For Richmond, Community Watch Scheme is Ghana’s surest way of dealing with illegal mining.

In his reasoning, we are losing the battle against illegal mining because we have side-stepped the chiefs and communities in our fight.

‘We started fighting against illegal mining since 1989 during the Jerry John Rawlings’ led PNDC government. As recent as 2013, former President John Mahama instituted the Inter-Ministerial Taskforce to deal with illegal mining. Then, President Akufo-Addo in 2018 inaugurated the Operation Vanguard, an anti- galamsey taskforce composed of military and police personnel. Aside the anti-galamsey task-force, there was also Galamstop and Operation Halt II, all working in different capacities to nib the menace in the bud.

Losing the fight, Ghana Armed Forces Council announced that the Military was withdrawing the military from combating illegal mining in February 2020, after more than two years of complaints and warnings.

In the Council’s view, the Military should not be deployed perpetually to undertake Civil Police duties especially in curbing illegal mining.

‘The Council has after careful review taken the decision to withdraw all Military Personnel from mining sites including Operation Vanguard over the next three (3) months.
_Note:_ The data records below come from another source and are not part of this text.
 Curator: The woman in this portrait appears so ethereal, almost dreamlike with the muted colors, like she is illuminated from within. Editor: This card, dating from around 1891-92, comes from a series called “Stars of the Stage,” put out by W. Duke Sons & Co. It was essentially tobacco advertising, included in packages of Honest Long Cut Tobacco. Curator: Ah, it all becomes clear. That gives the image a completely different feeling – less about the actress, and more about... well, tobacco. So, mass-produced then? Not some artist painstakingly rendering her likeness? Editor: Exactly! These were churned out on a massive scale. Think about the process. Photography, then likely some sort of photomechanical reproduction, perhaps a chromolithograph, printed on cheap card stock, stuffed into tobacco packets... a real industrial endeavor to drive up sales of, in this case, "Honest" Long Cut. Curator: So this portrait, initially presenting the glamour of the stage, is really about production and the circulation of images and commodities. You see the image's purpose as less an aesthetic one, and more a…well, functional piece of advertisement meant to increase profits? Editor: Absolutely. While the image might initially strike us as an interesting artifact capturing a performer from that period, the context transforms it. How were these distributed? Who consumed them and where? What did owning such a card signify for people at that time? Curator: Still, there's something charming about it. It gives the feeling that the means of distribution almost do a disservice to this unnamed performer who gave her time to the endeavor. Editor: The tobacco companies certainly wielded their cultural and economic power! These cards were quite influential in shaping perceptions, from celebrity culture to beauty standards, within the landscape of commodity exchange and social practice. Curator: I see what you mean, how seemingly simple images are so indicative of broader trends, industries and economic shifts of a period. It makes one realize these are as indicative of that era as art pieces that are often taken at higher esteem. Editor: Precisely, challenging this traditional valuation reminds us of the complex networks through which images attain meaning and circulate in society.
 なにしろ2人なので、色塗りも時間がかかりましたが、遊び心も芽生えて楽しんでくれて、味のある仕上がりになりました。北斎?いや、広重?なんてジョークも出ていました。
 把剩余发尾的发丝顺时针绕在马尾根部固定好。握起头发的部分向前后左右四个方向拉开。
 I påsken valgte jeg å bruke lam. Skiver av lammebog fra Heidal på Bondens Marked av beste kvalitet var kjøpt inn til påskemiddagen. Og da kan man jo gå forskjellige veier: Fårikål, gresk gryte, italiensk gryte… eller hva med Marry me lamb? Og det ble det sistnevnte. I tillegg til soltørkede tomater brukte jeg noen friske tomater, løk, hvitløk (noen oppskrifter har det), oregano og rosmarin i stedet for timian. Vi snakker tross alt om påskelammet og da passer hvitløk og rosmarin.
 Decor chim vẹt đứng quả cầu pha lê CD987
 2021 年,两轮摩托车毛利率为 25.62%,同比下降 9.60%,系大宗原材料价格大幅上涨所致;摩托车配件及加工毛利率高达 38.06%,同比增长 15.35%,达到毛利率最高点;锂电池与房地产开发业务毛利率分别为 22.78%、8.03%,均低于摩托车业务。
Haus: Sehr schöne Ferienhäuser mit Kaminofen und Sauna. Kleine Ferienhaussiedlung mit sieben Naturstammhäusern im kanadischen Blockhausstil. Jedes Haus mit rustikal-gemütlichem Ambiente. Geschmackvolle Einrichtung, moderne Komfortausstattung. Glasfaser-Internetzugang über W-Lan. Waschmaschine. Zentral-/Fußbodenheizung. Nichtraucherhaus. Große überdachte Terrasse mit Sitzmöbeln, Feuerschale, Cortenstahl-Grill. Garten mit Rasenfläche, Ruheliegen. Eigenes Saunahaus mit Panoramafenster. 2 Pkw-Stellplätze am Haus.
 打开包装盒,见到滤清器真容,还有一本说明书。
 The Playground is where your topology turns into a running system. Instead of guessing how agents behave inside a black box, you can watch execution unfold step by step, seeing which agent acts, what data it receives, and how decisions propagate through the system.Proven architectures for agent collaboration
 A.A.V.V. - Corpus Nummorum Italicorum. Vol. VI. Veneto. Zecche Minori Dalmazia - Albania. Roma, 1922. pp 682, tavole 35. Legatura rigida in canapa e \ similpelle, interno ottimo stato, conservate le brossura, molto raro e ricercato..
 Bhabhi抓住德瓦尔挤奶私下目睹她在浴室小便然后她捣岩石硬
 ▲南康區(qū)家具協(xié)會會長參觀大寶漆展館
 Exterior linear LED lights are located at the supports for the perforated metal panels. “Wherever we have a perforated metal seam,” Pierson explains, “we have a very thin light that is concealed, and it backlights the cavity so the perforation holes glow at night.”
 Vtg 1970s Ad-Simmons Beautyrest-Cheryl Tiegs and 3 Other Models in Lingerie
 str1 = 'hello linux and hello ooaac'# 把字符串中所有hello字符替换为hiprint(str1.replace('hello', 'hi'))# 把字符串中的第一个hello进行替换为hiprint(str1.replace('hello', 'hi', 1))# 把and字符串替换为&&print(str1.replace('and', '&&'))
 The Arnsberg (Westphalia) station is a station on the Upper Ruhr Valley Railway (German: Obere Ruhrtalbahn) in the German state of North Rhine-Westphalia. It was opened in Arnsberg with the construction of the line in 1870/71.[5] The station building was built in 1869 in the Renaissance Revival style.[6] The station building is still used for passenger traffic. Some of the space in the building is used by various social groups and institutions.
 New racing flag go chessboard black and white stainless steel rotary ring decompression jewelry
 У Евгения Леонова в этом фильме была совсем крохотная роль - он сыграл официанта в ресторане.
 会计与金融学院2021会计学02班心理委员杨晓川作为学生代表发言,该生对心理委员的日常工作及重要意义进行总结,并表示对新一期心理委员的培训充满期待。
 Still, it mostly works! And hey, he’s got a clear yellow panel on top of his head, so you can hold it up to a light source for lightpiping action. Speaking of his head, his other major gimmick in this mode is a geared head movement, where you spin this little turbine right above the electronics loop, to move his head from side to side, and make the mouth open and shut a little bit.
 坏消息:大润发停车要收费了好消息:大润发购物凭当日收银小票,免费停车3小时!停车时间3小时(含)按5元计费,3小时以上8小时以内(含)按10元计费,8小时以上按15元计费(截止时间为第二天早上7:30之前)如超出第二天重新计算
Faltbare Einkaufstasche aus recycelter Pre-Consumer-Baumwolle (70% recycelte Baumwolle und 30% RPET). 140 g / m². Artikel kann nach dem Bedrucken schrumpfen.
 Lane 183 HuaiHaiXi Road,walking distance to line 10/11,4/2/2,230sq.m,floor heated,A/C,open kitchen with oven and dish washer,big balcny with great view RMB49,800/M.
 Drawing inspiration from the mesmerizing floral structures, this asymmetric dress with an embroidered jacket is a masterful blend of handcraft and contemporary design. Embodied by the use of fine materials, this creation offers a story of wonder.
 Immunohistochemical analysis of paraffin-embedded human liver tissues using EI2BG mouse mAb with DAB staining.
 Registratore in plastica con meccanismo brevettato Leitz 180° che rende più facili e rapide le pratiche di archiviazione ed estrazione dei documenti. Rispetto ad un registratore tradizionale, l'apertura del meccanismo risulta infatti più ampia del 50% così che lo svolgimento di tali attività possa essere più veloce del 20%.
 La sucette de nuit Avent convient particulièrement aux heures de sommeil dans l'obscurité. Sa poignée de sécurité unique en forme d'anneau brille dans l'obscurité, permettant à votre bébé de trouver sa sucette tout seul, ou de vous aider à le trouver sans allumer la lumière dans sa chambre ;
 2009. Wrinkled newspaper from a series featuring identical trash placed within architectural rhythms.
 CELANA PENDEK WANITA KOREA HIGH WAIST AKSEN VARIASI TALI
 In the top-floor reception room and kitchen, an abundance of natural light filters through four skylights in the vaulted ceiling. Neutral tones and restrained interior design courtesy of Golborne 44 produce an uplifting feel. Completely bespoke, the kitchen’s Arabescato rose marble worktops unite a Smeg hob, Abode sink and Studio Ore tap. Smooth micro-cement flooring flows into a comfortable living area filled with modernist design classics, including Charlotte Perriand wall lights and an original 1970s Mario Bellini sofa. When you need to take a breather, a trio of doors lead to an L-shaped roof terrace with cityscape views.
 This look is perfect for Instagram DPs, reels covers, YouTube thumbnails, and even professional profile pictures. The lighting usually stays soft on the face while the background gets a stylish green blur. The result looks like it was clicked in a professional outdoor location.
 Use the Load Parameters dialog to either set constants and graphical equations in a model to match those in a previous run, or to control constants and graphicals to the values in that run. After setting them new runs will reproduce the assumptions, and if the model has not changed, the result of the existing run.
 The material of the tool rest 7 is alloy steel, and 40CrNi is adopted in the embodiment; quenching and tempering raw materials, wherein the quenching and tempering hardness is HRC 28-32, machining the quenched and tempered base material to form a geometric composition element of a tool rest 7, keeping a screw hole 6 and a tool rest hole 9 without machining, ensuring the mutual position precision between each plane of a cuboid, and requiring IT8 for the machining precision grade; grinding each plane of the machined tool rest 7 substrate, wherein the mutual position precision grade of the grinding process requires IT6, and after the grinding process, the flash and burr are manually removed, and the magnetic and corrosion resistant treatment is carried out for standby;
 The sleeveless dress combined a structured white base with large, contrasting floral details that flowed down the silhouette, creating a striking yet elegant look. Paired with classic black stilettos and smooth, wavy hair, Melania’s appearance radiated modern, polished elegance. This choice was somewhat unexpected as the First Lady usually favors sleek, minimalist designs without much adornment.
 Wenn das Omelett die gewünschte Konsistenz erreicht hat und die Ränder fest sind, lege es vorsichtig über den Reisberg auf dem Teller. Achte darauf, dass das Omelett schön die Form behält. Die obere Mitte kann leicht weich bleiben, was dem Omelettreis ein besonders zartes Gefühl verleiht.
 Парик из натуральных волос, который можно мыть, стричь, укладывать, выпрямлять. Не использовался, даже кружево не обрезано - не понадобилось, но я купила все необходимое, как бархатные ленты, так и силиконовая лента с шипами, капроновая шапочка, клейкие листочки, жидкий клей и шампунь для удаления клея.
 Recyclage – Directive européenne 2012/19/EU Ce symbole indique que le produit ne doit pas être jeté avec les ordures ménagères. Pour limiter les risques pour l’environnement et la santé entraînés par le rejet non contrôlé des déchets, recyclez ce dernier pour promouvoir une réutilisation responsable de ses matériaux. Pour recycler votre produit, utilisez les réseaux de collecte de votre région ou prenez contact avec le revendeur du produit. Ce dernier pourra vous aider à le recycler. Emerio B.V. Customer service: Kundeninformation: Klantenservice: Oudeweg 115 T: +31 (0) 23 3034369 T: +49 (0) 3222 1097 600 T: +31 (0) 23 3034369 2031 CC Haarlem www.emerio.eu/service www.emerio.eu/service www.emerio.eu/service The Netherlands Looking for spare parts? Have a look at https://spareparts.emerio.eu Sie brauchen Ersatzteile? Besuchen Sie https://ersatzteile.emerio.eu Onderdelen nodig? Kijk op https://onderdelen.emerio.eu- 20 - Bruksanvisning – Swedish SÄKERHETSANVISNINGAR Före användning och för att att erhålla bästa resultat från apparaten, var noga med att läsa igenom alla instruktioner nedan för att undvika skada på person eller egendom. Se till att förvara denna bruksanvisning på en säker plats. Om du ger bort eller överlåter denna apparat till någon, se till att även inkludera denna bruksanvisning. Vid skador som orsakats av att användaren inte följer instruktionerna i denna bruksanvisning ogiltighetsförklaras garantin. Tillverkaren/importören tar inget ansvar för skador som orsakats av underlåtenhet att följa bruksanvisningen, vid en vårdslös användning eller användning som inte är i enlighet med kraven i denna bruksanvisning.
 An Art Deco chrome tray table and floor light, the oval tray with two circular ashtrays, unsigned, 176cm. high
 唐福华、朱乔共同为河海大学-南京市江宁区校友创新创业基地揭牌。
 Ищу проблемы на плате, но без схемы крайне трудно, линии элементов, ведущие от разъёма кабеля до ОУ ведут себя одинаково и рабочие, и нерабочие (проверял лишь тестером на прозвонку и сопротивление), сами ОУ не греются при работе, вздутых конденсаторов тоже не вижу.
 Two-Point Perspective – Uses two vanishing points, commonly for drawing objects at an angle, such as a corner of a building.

The Council’s view is that the Military should not be deployed perpetually to undertake Civil Police duties especially in curbing illegal mining’. A restricted document sighted by this paper read.

Overwhelmed by activities of illegal miners, government has decided to give some three hundred persons, a one-month training to protect the country’s river bodies from activities of illegal miners.

Addressing the trainees, Commodore Emmanuel Ayesu Kwafo, the Flag Officer Commanding the Eastern Naval Command detailed the scope of the training.

He explained that by the end of the month-long training, the river guards will be equipped with skills in speedboat operation, swimming, among others.

But a dissatisfied environmentalist, Dr. Richmond Yeboah thinks the best way to combat illegal mining effectively is to involve the communities. He also suggest that government should properly plan programmes aimed at fighting illegal mining. He explained that programmes have always been knee jerk reactions and lacked collaboration. He therefore, called for a close collaboration between key stakeholders such as the Ministry of Lands and Natural Resources, the Minerals Commission, Forestry Commission, Water Resources Commission, the Environmental Protection Agency, Chiefs, National Security apparatus among others.